- [Directions]:
Locate "- 1.2m USB 2.0 右L型 90°方向変換ケーブル 延長ケーブル" in the listing. Transcribe the line that contains it and every line that follows, through the last, omitting all pictures.

- [Data provided]:
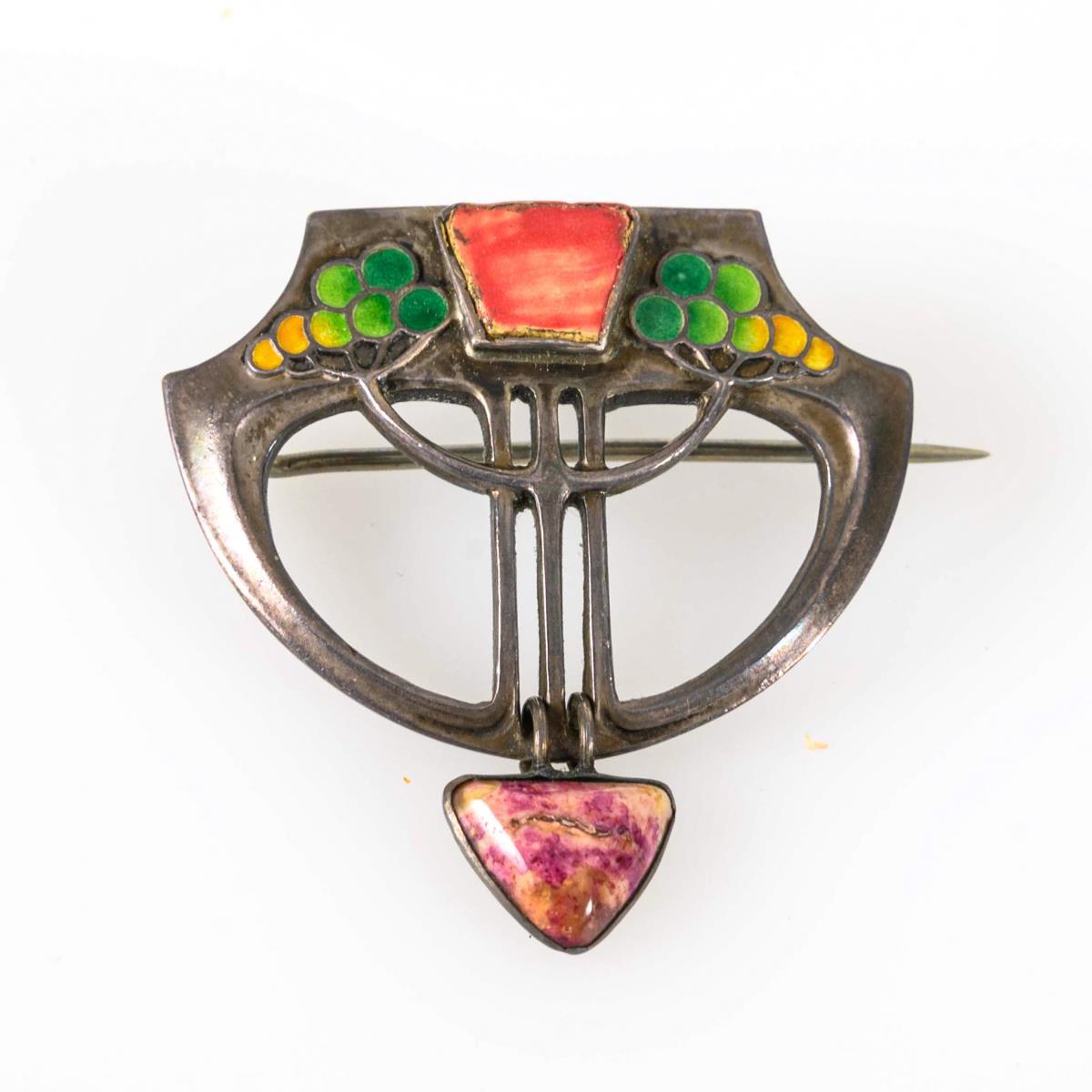 Typical style brooch with partial enamel decoration. Hook clasp.
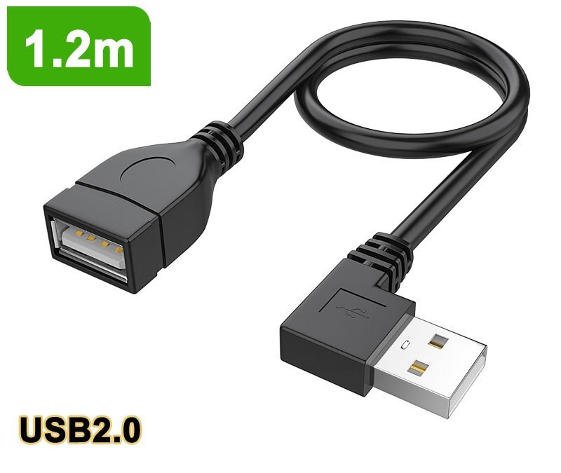 - 1.2m USB 2.0 右L型 90°方向変換ケーブル 延長ケーブル
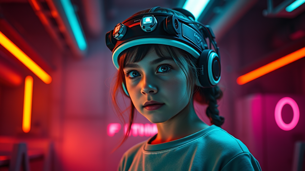 A young girl with telekinetic powers, wearing a headband adorned with sensors, stands in an enigmatic lab. Neon lights cast a glowing, vibrant aura around her, highlighting her intense focus. The atmosphere is rich with synth wave elements, creating a cinematic landscape that blends realism with a futuristic, retro style. Her gaze pierces through the ambient haze, as if she's aware of an unseen dimension.
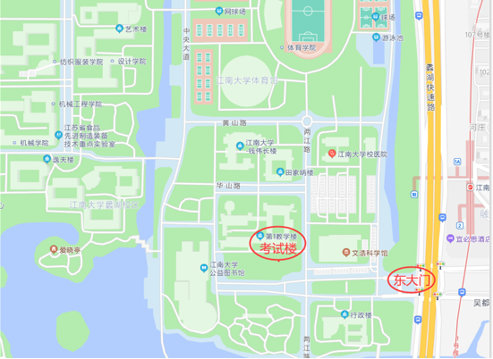 1.考生务必从蠡湖大道1800号东大门进出考点(东大门距离考试楼步行约5分钟)。东大门进入校园后请按照指引,沿指定线路到达考试区域,入场(第一教学楼)截止时间为8:55。

- [Answer to the exercise]:
 - 1.2m USB 2.0 右L型 90°方向変換ケーブル 延長ケーブル
 A young girl with telekinetic powers, wearing a headband adorned with sensors, stands in an enigmatic lab. Neon lights cast a glowing, vibrant aura around her, highlighting her intense focus. The atmosphere is rich with synth wave elements, creating a cinematic landscape that blends realism with a futuristic, retro style. Her gaze pierces through the ambient haze, as if she's aware of an unseen dimension.
 1.考生务必从蠡湖大道1800号东大门进出考点(东大门距离考试楼步行约5分钟)。东大门进入校园后请按照指引,沿指定线路到达考试区域,入场(第一教学楼)截止时间为8:55。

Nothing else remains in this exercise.